I made a few more visits to see Katarina and her aunts. I felt that I should give them all the support that I could. Katarina tried to find out from friends in Tsingtao about Ming-Lee but all her sources had dried up. In the meantime, the feuds among the Russians and their family members continued. Some wanted to return to Russia; others didn’t. Katarina and her aunts were waiting for news from a doctor friend who decided to go back first, and he planned to send for his family when he saw what the conditions were like. He would cable or else write. That was a month ago, and they had heard nothing. There was an Englishman, head of the British School divorced from his Russian wife. They had children, and the’ wife decided to return with their son to Russia. There was little the father could do. Katarina went to see them off aboard ship. They were waiting news from her too.
The Saturday morning after meeting Leroy at the Seaman’s Club, I checked out early on liberty and went to pick up Katarina. I promised her that I’d take her to the Trillion for lunch. When I knocked on her door, her aunts were there to open it. Both were in tears. They said Katarina had gone. She received word the night before that she had to be at the docks at 0600 the next morning with all her belongings. A US transport was taking some 3,000 Russians to Vladivostok. Departure time was at 0900. It was 0900 when I knocked at the door. “Why didn’t she tell me?” I shouted.
“She sent a message, and the boy left it at the front gate. She waited for you. She delayed until the last minute, hoping you’d come. We asked her to change her mind. She wouldn’t.”
She had to be leaving from the US Navy Fleet Landing on Soucho Creek. I caught a pedicab and had him peddle as fast as he could, but I was too late. The ship had cast off its mooring lines by the time we arrived and had already pulled away from the dock. Every available inch of space along the railing was occupied by Russians returning home. I desperately searched the railings from one end to the other but could not see her. J was hopeful now that she had missed the ship. Maybe for some clerical reason they hadn’t let her board-her papers were not in proper order, or a form had not been filled out properly. An important stamp or signature was missing. My hopes were dashed when I saw her. She was standing alone near the stem of the ship. I ran along the dock waving frantically but the figures along the railing grew fainter and fainter as the ship slipped further away. She didn’t see me.

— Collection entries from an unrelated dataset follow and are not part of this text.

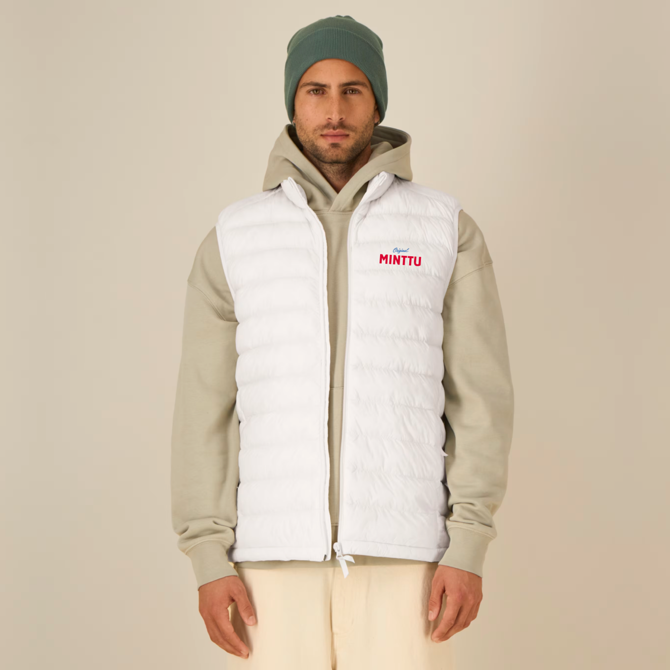Dunväst av hög kvalité. 100% återvunnen nylon, vattenavvisande och broderad Minttu logo på bröstet.
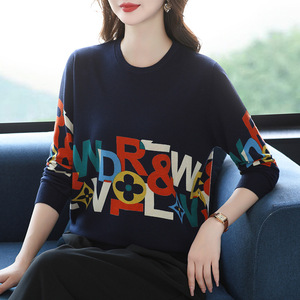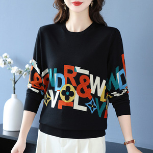 2025新款秋冬时尚字母印花毛衣女宽松长袖慵懒风打底针织衫洋气上
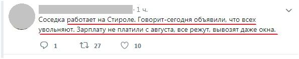 "Соседка работает на Стироле. Говорит - сегодня объявили, что всех увольняют. Зарплату не платили с августа, все режут, вывозят даже окна", - пишут пользователи соцсетей.
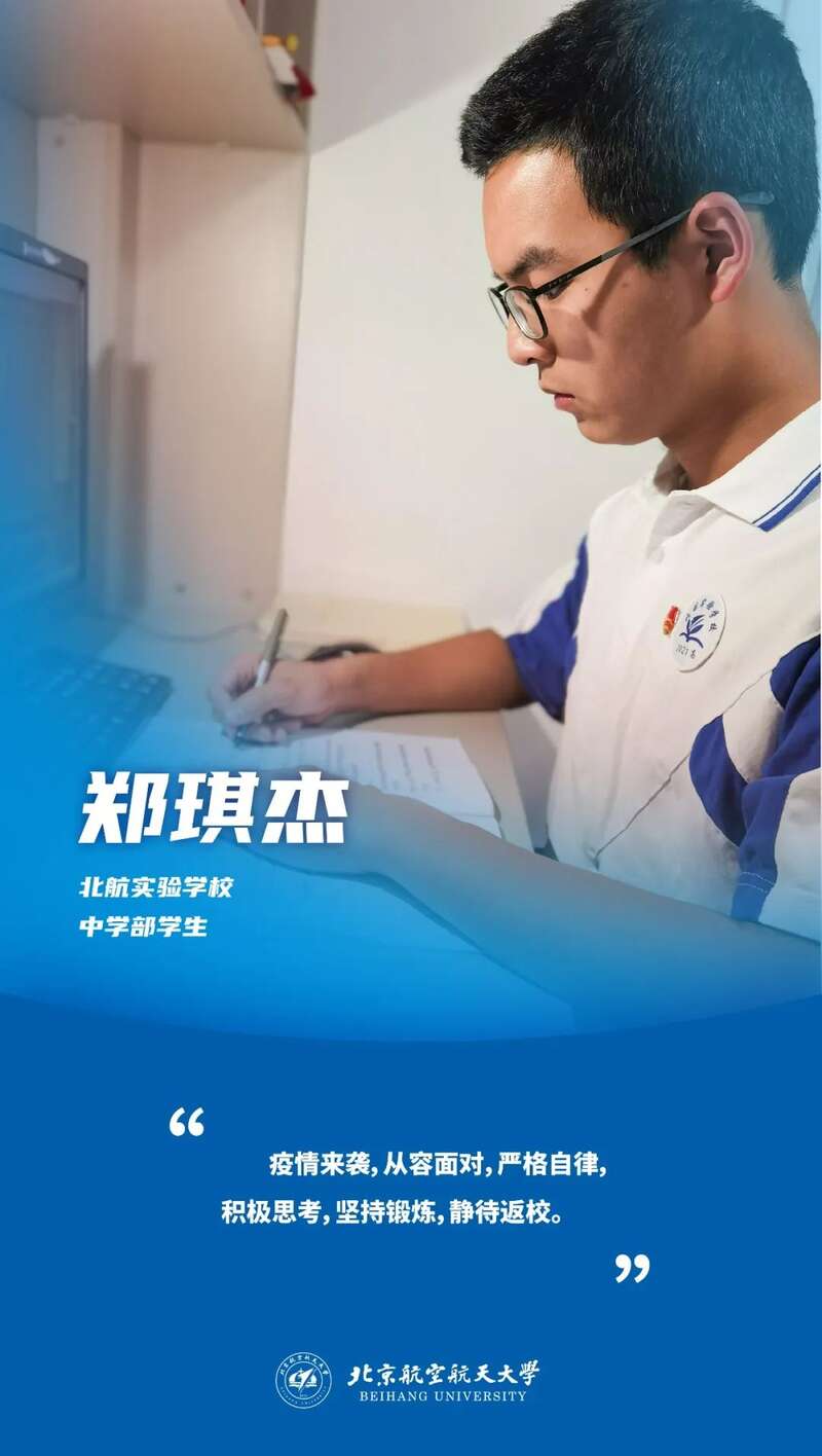 封闭管理期间,北航数万名本科生响应防疫号召,落实防控要求,不聚集、不扎堆,用线上学习的方式展现“学在北航”的刻苦品质。同学们通过spoc系统、腾讯会议、微信群聊、文献精读、研讨报告等形式接续线下学习内容,保证学习质量,按时完成课程内容。“有责任有担当,青春才会闪光。”北航本科生们用积极乐观的心态、踏实肯干的学习精神迎难而上,展现青年人在疫情时期的责任担当。

I was so utterly confused about this whole affair. Did the Soviets really welcome their expelled citizens back home? One man who might have the answers was Father Wilcock. I went to see him. He was terribly busy, getting ready for the first boatload of refugees to depart for the Philippines, but he took time to talk to me. He was brutal and frank, and spared no feelings.
“What the world is well aware of,” he began, “is that on the 4th of February 1945, Stalin, Churchill, and Roosevelt met at Yalta to decide how to divide German territory, What they don’t know is that there was also a secret agreement, and that was to exchange each other’s liberated prisoners and to return each other’s liberated civilians as they were rounded up in Germany and China. In accordance with this secret understanding, the United States has to return White Russian civilians in exchange for Allied prisoners.”
It all suddenly came to light. Mrs. Murray and her family, and many hundreds of thousands of other prisoners, were given free passage from concentration camps. Now it was America’s turn to repatriate the White Russians.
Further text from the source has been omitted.